LE MASQUE DU COOL
Avec “Clint Eastwood, la dernière légende”, portrait remarquable de l’icône du cinéma américain, Clélia Cohen déroule un destin plus heurté qu’il n’en a l’air.
La première image de cet excellent portrait le montre au faîte de sa notoriété (« la fin des années 1970 », précise la voix off ), faisant un jogging sur la plage de Carmel, son fief de Californie du Nord. Il y a du monde autour de lui, et pourtant Clint Eastwood foule le sable dans l’indifférence générale, comme le quidam qu’il a définitivement cessé d’être depuis deux décennies. La force du film de Clélia Cohen tient précisément à ce genre de détails qui nuancent, voire contredisent la légende paradoxale de cet homme bardé d’étiquettes. La plupart des Européens croient l’avoir consacré avant Hollywood lorsque, avec Sergio Leone, il réinventait les codes du western en endossant le rôle du pistolero cynique de « Pour une poignée de dollars ». Tout faux : bien avant d’incarner « l’homme sans nom », cette antithèse de John Wayne marmoréenne et mal rasée, il était, pour les téléspectateurs de la chaîne CBS, le cow-boy Rowdy Yates, héros juvénile et très lisse de la série « Rawhide » – pas dupe, Eastwood surnommait son personnage « l’idiot des plaines ».
Avant cela, dans les années 1950, il peina à prendre la lumière. Engagé par Universal, il joua les utilités comme troisième ou quatrième couteau dans les séries B du studio : un laborantin à lunettes dans « la Revanche de la créature », suite nanardeuse de « l’Etrange Créature du lac noir », un pilote dynamiteur d’araignée géante dans « Tarantula ! » (problème : à l’écran, son visage est planqué sous son casque d’aviateur) ou un cow-boy traînant sa peine dans « le Cri de guerre des Apaches », ce western nullissime qu’il visionna, consterné et honteux, dans une salle de cinéma défraîchie, à deux doigts d’en finir avec ce destin d’acteur invisible et laborieux. Le temps d’une séquence pour le moins surréaliste, Clélia Cohen éclaire l’arrière-plan de ce film d’exploitation devenu par la force de l’histoire une relique de musée où la future star semble se débattre maladroitement avec elle-même, comme encombrée par sa grande carcasse.
Plus tard, dans une archive télé, Maggie Johnson, mannequin californien qui fut sa première femme, se souvient de ce Clint anonyme, sans le sou ni charisme apparent, qui rongeait son frein pendant qu’elle seule faisait bouillir la marmite. « Universal détestait sa voix, le trouvait trop grand », confirme Burt Reynolds, l’autre icône virile des seventies qui a débuté au même moment que lui. Comprendre : cette marque de fabrique qu’on croyait innée – ce détachement, cette économie de moyens, cette coolitude qui ont forgé le mythe eastwoodien –, il l’a travaillée secrètement et a su transformer en atout ce qui apparaissait au départ chez lui comme une faiblesse. « Il est très bon pour occuper l’espace, et ne rien faire. Rares sont les acteurs à posséder ce pouvoir », décrypte Don Siegel, réalisateur de « l’Inspecteur Harry », son mentor principal, à qui Eastwood va dédier « Impitoyable ».

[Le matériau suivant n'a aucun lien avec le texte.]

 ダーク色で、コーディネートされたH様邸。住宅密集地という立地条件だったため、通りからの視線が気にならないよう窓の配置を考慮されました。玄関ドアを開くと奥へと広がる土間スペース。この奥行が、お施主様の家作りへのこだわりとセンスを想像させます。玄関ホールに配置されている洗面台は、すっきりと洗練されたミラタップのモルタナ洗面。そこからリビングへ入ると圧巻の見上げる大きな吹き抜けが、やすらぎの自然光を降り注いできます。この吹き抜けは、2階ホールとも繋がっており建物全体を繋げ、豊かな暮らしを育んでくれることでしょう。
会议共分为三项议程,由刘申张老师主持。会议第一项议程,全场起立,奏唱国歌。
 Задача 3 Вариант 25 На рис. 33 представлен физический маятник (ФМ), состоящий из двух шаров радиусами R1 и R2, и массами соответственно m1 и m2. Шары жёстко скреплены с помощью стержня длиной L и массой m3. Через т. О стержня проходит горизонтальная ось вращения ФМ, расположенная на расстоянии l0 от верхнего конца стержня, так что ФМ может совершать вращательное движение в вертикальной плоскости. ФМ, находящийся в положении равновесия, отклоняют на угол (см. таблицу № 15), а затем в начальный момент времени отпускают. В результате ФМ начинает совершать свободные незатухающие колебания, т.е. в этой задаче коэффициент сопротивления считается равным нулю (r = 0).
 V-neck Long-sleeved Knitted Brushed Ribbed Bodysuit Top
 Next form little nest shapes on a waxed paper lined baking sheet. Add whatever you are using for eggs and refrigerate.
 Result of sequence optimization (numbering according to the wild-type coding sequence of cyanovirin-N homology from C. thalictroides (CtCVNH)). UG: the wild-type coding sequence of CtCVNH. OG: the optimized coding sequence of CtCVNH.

Cette subtilité de jeu mettra pourtant des années à être reconnue par la critique, notamment américaine – en France, Olivier Assayas, alors aux « Cahiers du Cinéma », sera le premier à réhabiliter son oeuvre en tant que réalisateur au début des années 1980. A l’inverse, on peut voir dans le documentaire combien Pauline Kael, plume féroce du « New Yorker » dans les années 1970, se délectait à réduire sa science de la désinvolture en pure escroquerie – elle ne trouvait pas plus d’intérêt à ses mises en scène, jugées plates, interminables et invertébrées. Clint Eastwood – « Jamais là où on l’attend », ainsi que Clélia Cohen le résume – lui donnera tort au centuple.